На тарелке лежало с десяток отварных картофелин и два соленых огурца.
— Спасибо вам большое… Только как же… — я беспомощно замолкла.
— Соседи мы, — пояснила она, и улыбка чуть раздвинула плотно сомкнутые губы. — Я еще є утра думала — дай, думаю, схожу, снесу молочка. С дороги-то люди, где раздобудутся? Да при Нинке не хотела. Так и зыркает — кто куда пошел, кто что делает…
Мы сели на завалинку. Соседка сообщила мне, что зовут ее Дарья Григорьевна, — Даша для скорости, — сказала она. — А по фамилии мы Игнатовы. Раньше здесь в деревне одиннадцать дворов Игнатовых было, а может и поболе. Мы-то всего год как вернулись с севера. Уезжали десять человек, а вернулись всего ничего. Я, да мама моя, да сын.
— Вы. там работали? — спросила я. Она посмотрела на меня как-то странно, искоса.
— Нет, проживали… А вернулись, так и то не на радость. Мать паралич разбил, Генка-сын — горькую пьет. — Она задумалась, потом встряхнула головой. — Ну что ж теперь сделаешь… Как бы не такие обстоятельства, я бы вам к себе предложила перейти, только знаю — здесь плохо, да и у меня не слаще.
— А здесь будет плохо? — робко спросила я.
— Хуже некуда, — с убеждением ответила она. — Девки-то — бандитовы дочки. Нинка та ничего, молода еще, а Морь-ка в тятьку пошла. Норов бандитский. Вы с ней поосторожней;
— Что же делать?
— Я поспрашаю. Может и найдется у кого угол. Много вас больно — пять человек. Я поспрашаю. А пока что вы ей подарочек какой подыщите. Девчонки жадные. Бедные, конечно, ни отца, ни матери. Смягчать их надо. Да вы не расстраивайтесь. Нас в свое время и вовсе в лесу в снег вытряхнули — барахтайтесь, мол. Выкарабкаетесь — ваше счастье. Так и то, глядишь, кое-кто выжил. А тут все же люди кругом…
— Пойду я, — помолчав сказала она, — а то вернется Нинка, увидит меня, Морьке нажужжит, а та через забор меня материть возьмется. Это ведь тоже все наше было, игнатов-ское, она и злится, когда я загляну, думает корить ее стану, а я не стану — мне теперь все одно. А вы, если чего надо, заходите. Коли смогу, помогу.
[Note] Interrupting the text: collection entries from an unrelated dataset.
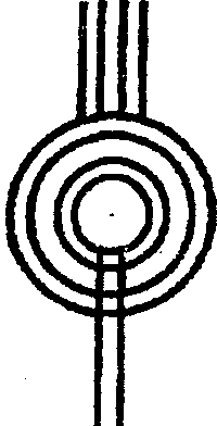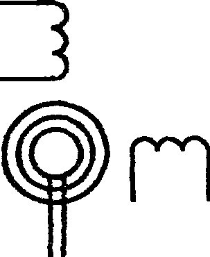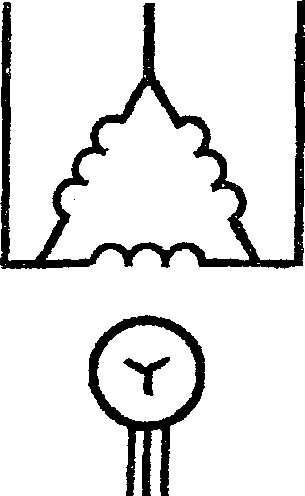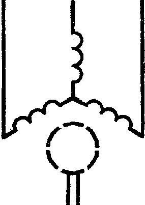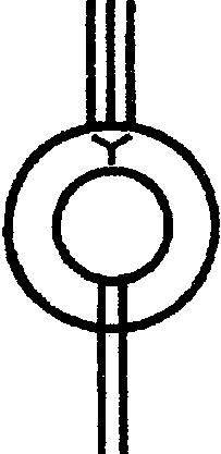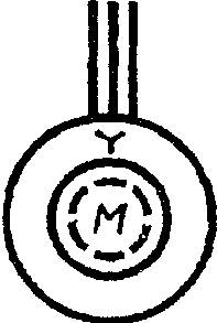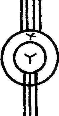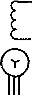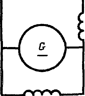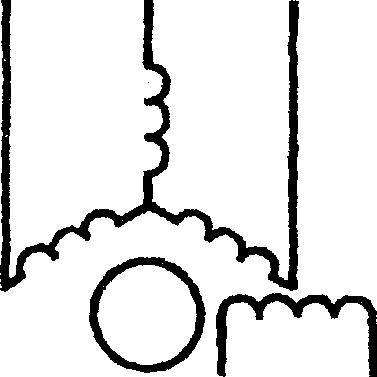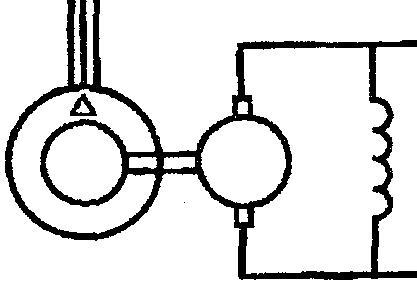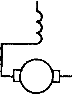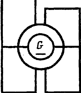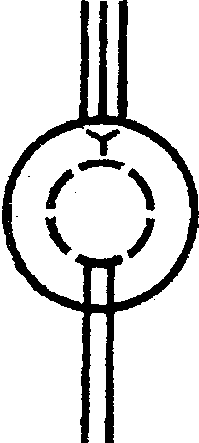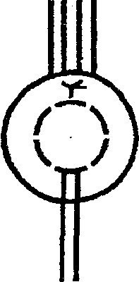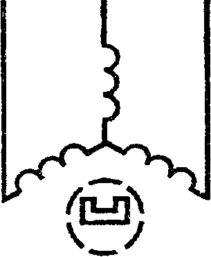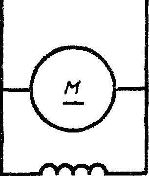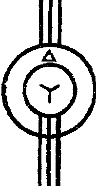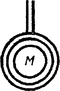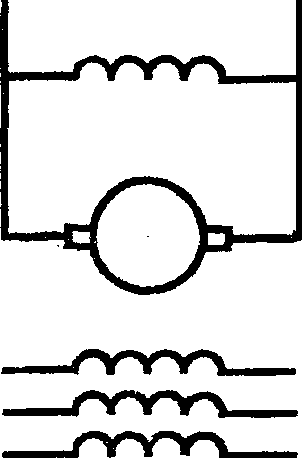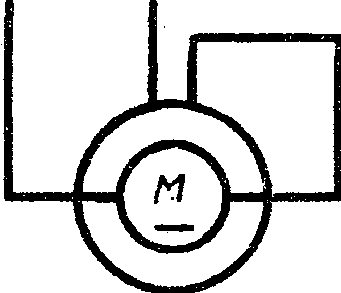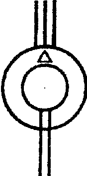31. Двигатель коллекторный трехфазный параллельного возбуждения с питанием через ротор с двойным рядом щеток. Две окружности, соединенные короткими параллельными линиями, изображают две обмотки одного и того же ротора | ![]() | ![]() |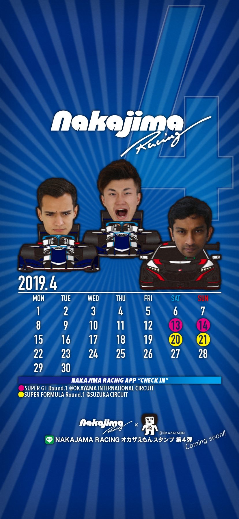2019年、ナカジマレーシングのモバイルアプリにチェックインするとポイントがもらえて、それをためると、そのポイント数に応じて 色々なナカジマレーシンググッズが抽選でもらえるサービスがスタート。 このサービスでは期間限定の画像ももらえる。期間が過ぎると、ツイッターでサンプル版しか見ることができない。 カレンダー画像は常時ツイッターからダウンロード可能。 |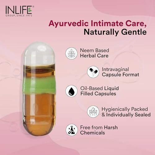 Vaginal Hygiene Support – Inlife Vaginal Health capsules are specially developed with Neem Seed Oil (Nimba Taila) to promote a clean, fresh, and balanced intimate area as part of your daily self-care regimen.

К вечеру кое-что прояснилось. Оказалось, что добрались все до Солоновки благополучно. Иохвидовы поселились совсем неподалеку в крошечной избушке у глухой старухи, которая не отходила от них ни на шаг. Андрей и все их многочисленное семейство расположилось пока что в простом сарае. Реаль была внесена в церковь-клуб. Люсин отец — механик — чрезвычайно заинтересовал директора МТС. Им обещали в будущем «казенную» квартиру, а пока поселили в клубе в красном уголке. Лучше всех устроились Шуры. Им удалось найти отдельную чистенькую комнатку, и хозяйка разрешила ему поставить под навесом некое подобие парикмахерского кресла, стоя за которым он уже снял машинкой несколько дремучих шевелюр.
Морька оказалась большой ширококостной, с низком лбом, из-под которого зло смотрели пронзительные глаза родителя-бандита. Правда, приняв от меня верительные грамоты в виде шелкового отреза на блузку и нарядного платка, она громко захохотала и крикнула Нинке:
— Смотри, чем меня тетя благословила! — после чего продала мне немного картофеля и сливочного масла и разрешила вскипятить чайник, а потом, окончательно раздобрившись, прибавила: — Завтра вам баньку истоплю. Черная она у нас, ну да уж как-нибудь.